DNA simulation benchmarks as revealed by X-ray structures

Abstract

The inferences that can be drawn from known DNA structures provide new stimuli for improvement of nucleic acid force fields and fresh ideas for exploration of the sequence-dependent properties of DNA. The rapidly growing database of high-resolution nucleic acid crystal structures reveals long anticipated sequence-dependent variability in DNA backbone conformation. Nucleotides in specific sequence contexts exhibit decided tendencies to undergo changes of rotational state that are associated with large-scale helical transitions. In particular, the sugars attached to cytosine exhibit a clear-cut tendency to adopt A-like conformations.
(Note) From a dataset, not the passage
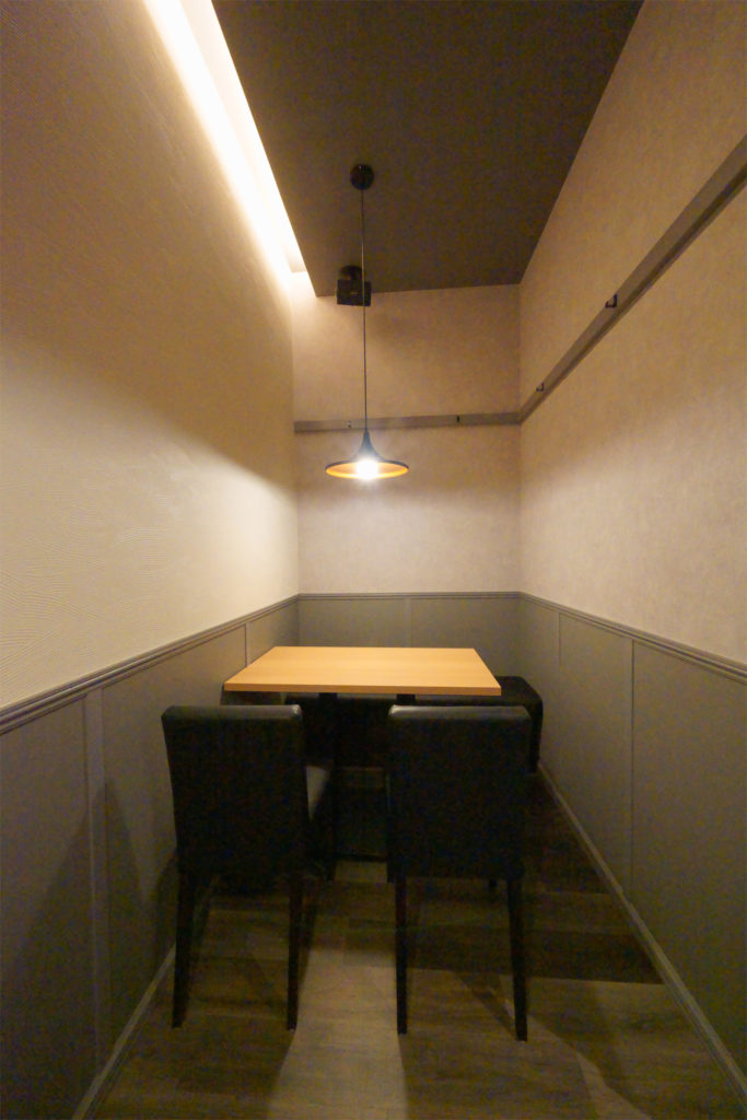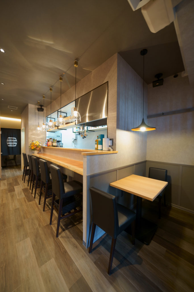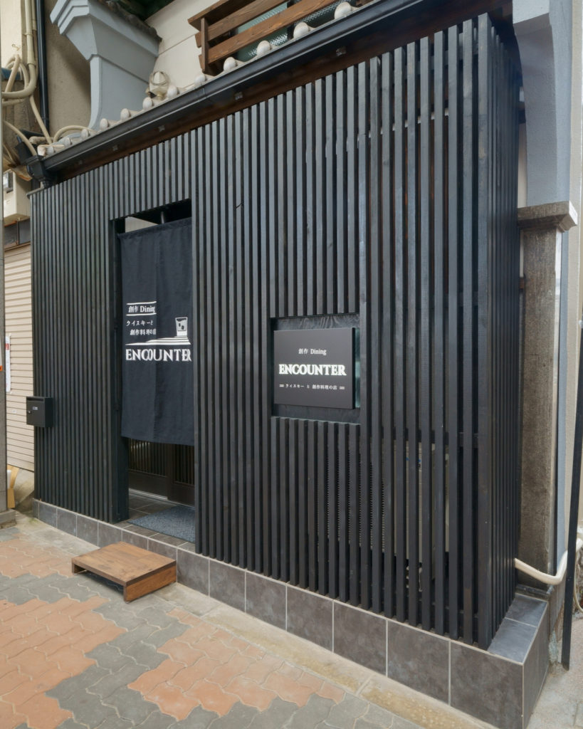 ウイスキーと創作料理をゆったりと味わえるお店。黒の格子で覆ったファサードは適度な抜けで圧迫感をなくしつつ、高級感を感じさせる印象に。中に入るとグレーと木を基調とした柔らかい雰囲気として、家具や暖簾を黒で統一し空間を引き締めつつ外観とのリンクを表現。

Overall, however, the large set of protein-bound DNA structures remains very close to the classical B form. This distinguishes the crystallographically observed DNA duplexes from computergenerated atomic-level DNA models, which are characterized by a systematic shift toward the A form. In addition, the base-pair steps found in different protein-DNA complexes span a narrower range of conformational states than those generated with state-of-the-art molecular simulations. The sequencedependent positioning of water and the build-up of amino acid residues around the DNA bases point to mechanisms which may underlie the sequencedependent structure and deformability of DNA in complexes with ligands. © 2006 Springer.